Restrictions on visiting other households are being reintroduced in Glasgow and two neighbouring areas after a rise in coronavirus cases.
The new rules will affect more than 800,000 people in Glasgow city, West Dunbartonshire and East Renfrewshire.
They are being told not to host people from other households in their own homes or visit another person’s home.
The restrictions come into effect from midnight. They will last for two weeks, but will be reviewed after a week.
First Minister Nicola Sturgeon said 135 of the 314 new cases in Scotland over the last two days had been in the Greater Glasgow and Clyde area.
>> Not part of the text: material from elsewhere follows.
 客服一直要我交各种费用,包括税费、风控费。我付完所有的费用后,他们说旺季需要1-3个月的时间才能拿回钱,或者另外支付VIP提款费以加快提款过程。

She said Covid-19 continued to be a dangerous and potentially deadly virus.
“It is spreading again, particularly in these three local authority areas, and we believe that, in these areas, it is spreading primarily as a result of household gatherings,” she said.
The restrictions will affect 633,120 people living in Glasgow, 95,530 in East Renfrewshire and 88,930 in West Dunbartonshire.
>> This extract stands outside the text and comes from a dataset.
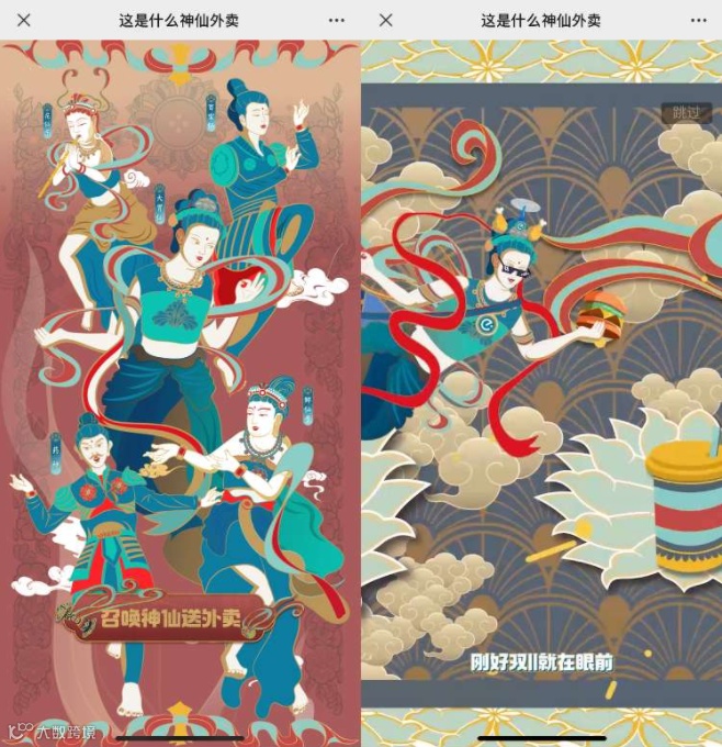 策划逻辑:进入H5后是一副手绘的彩色敦煌飞天图,点击触点,最中间的飞天女戴上墨镜背上饿了么外卖包,rap响起,动画开始播放,描绘双11券带来的各种福利,内容涵盖外卖、送花等饿了么业务。最后是“屯一次最多省一年”的落地海报,点击触点可收获福利。
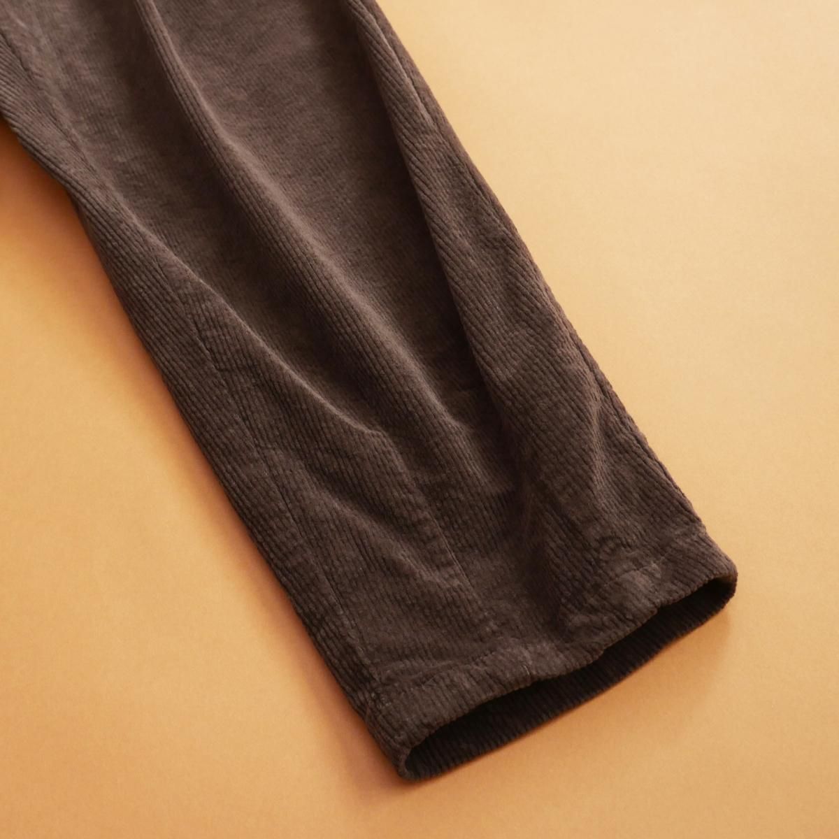 ●落ち着きのあるくすみブラウンのカラーは、コーディネートに柔らかさと深みを添え、同シリーズのコーデュロイジャケットとのセットアップスタイルもおすすめです。シンプルでありながらもミラノらしいモード感を漂わせる一本です。

People living in those areas should also not visit someone else’s home, no matter where it is. The only exception to the restriction is for those in extended households.
“I think this should be a wake-up call, not just for people in Glasgow city, West Dunbartonshire and East Renfrewshire,” said the first minister.
“It should be a wake-up call for all of us to stick to the guidelines and stop this virus spreading any further or any faster.”
Scotland’s coronavirus hotspots
Positive tests rates in areas subject to restrictions
Ms Sturgeon said the reopening of schools had not been responsible for what had happened.
She said a “very small number” of school-age children had tested positive for the virus, and that this had mostly been driven by community transmission.
“Part of the reason that we have to take tough action, where necessary, to minimise community transmission is to stop that becoming a problem for schools,” she said.
She added that the preventative action was designed to keep schools open and businesses operating.
Ms Sturgeon had raised concerns earlier in the day after the latest daily figures showed that 66 of the 154 new cases recorded in Scotland had been in the NHS Greater Glasgow and Clyde area.
That compared to an average of eight cases a day in the same area in the first two weeks of August.
The daily incidence rate of Covid-19 is now almost 33 new cases per 100,000 people in West Dunbartonshire, 22 in Glasgow and almost 19 in East Renfrewshire. The rate for the rest of Scotland is just over 10.
The local lockdown which was imposed in Aberdeen last month had been triggered by a rate of 14 cases per 100,000 population.